Ryan Underwood wrote:

> On Fri, Apr 23, 2004 at 08:26:35PM +1000, Herbert Xu wrote:
>> Ryan Underwood <nemesis-lists@icequake.net> wrote:
>> >
>> >> Duh, of course the *definition* is software.  Any stream of bits is
>> >> software.
>> > 
>> > *Any* stream of bits?  I think that's going a bit far.  I think you are
>> > confusing the algorithm with the input.  The input is not software.  It
>> > cannot be executed on a machine.
>> Given any finite string of bits, you can construct a Turing machine in a
>> deterministic way and execute it.
> Are you going to be the one who constructs virtual machines that execute
> all of these arbitrary bits of data that we are currently referring to
> as "software"?

There is in fact a much better reason to think of them as programs.  There's
not much distinction between having a 'program' run by an 'interpreter' and
having 'data' interpreted by a 'program'.  We certainly consider programs
in interpreted languages like perl or python to be programs, not just
'data'.  But similarly, an ASCII file can be considered a 'program'
executed by the interpreter consisting of 'cat' plus your console.  An HTML
file is a 'program' interpreted by a web browser.  Et cetera.

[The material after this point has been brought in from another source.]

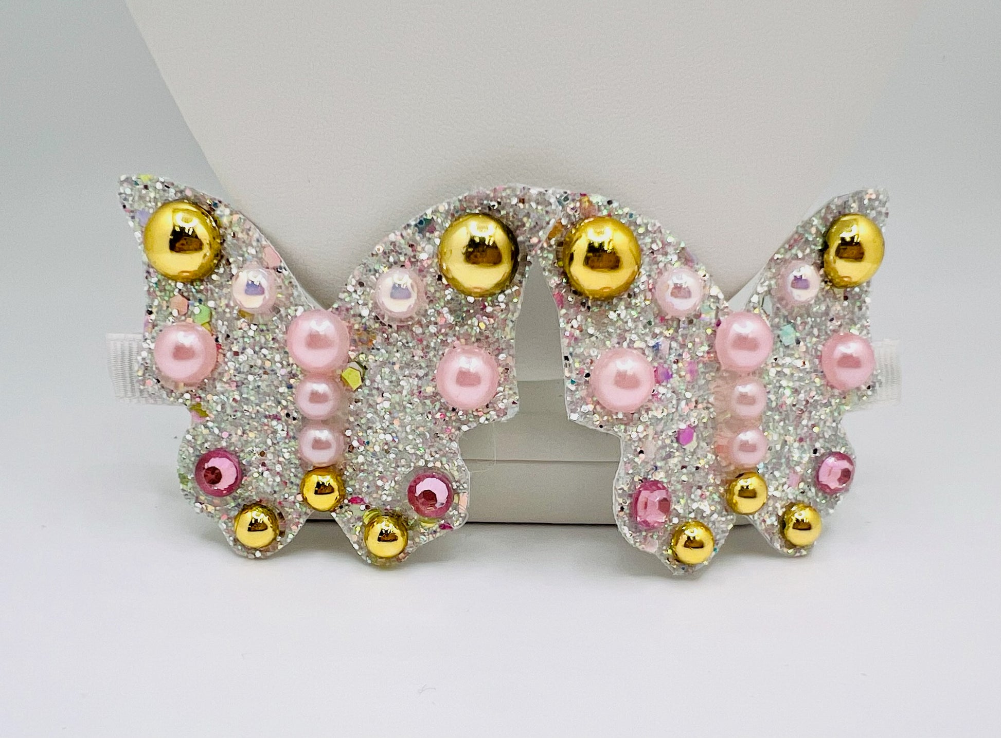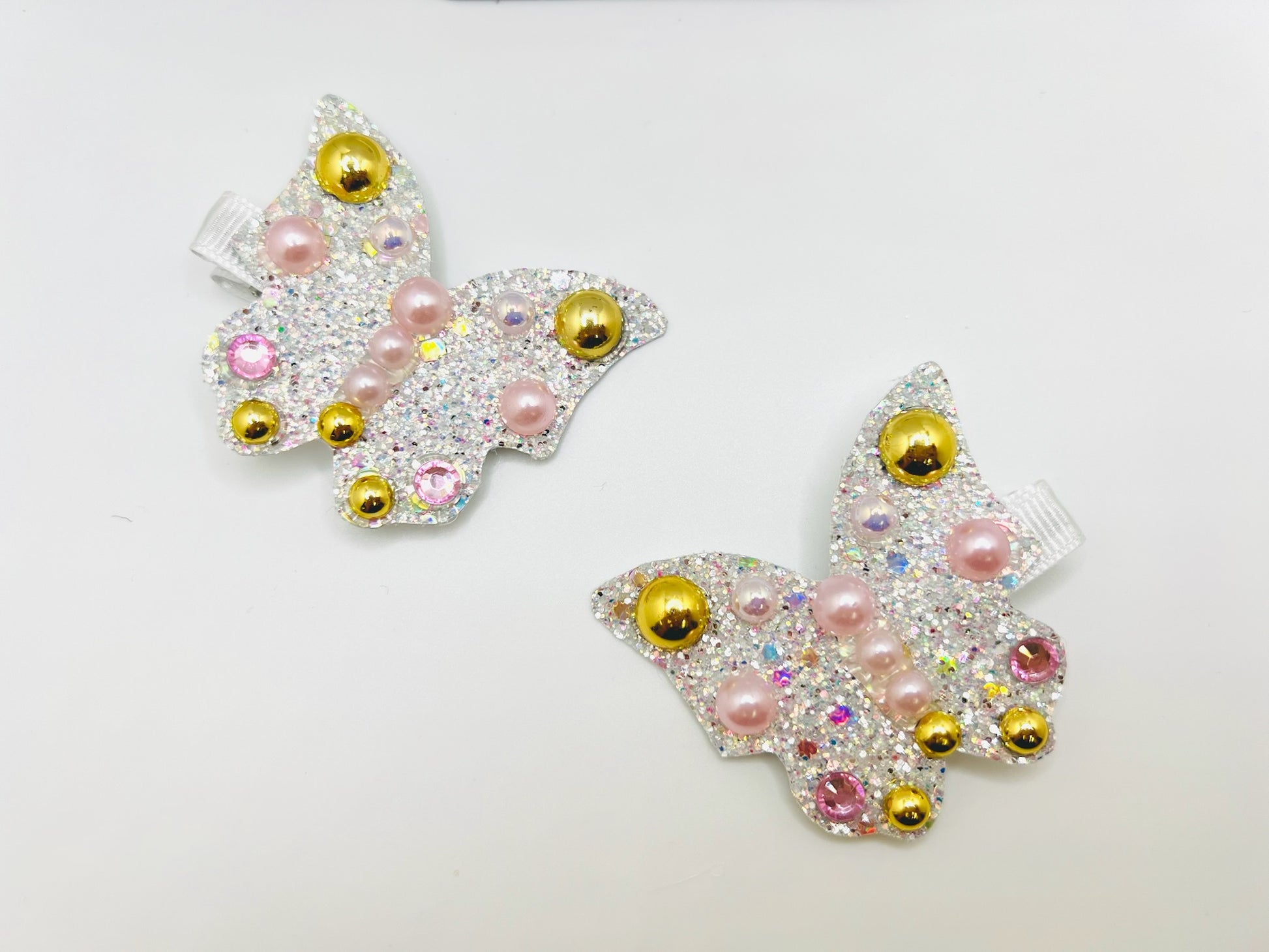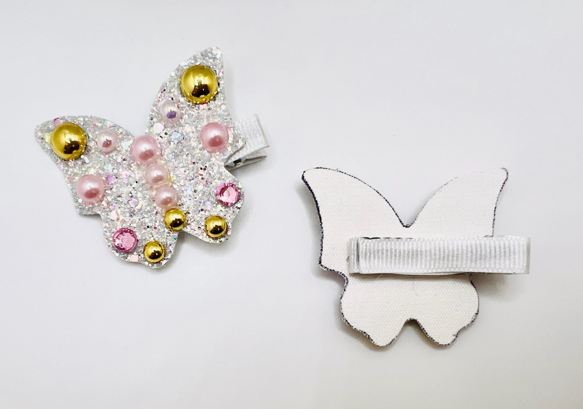 Transform any hairstyle with our enchanting Girls' Butterfly Hair Clip, beautifully crafted from chunky glitter scrapbook paper and embellished with hot-fix crystals and pearls. This dazzling accessory brings a touch of magic and elegance to everyday looks or special occasions.

> Should Debian be referring to supporting material as software, solely on
> the basis that a theoretical machine to execute that data *might* exist
> at some indeterminate point in the future?

> Is an application not distributable by Debian if it does not include the
Not the difference between 'not distributable by Debian' and 'not
distributable as part of the Debian system'.  Something is 'distributable
by Debian' if it can be legally distributed in non-free.  That doesn't make
it distributable as 'part of Debian', in 'main'.

> source XML of a manual,
I certainly hope that to go in 'main', manuals will have to provide source
(preferred form for modification); otherwise, it's quite annoying to modify

> or the source EPS of an image file,
If it was created and modified in that form.

> or the
> source waveform of a mp3,
If it was managed and modified as a .wav, the way I would, the .wav would be
the required source, yes.  (Some people work directly with .mp3s, despite
the quality loss, for whatever reason.)

> etc etc, ad absurdum?  Where does the cutoff
Nuthin' absurd yet.

> of practicality between software and supporting materials end?
What practicality problem?

In the *binary* packages, you distribute the preferred form for installation
and general use.  In the *source* package, you distribute the preferred
form for modification.  People who aren't interested in modification don't
even download the source package.  People who are interested do.

There are none so blind as those who will not see.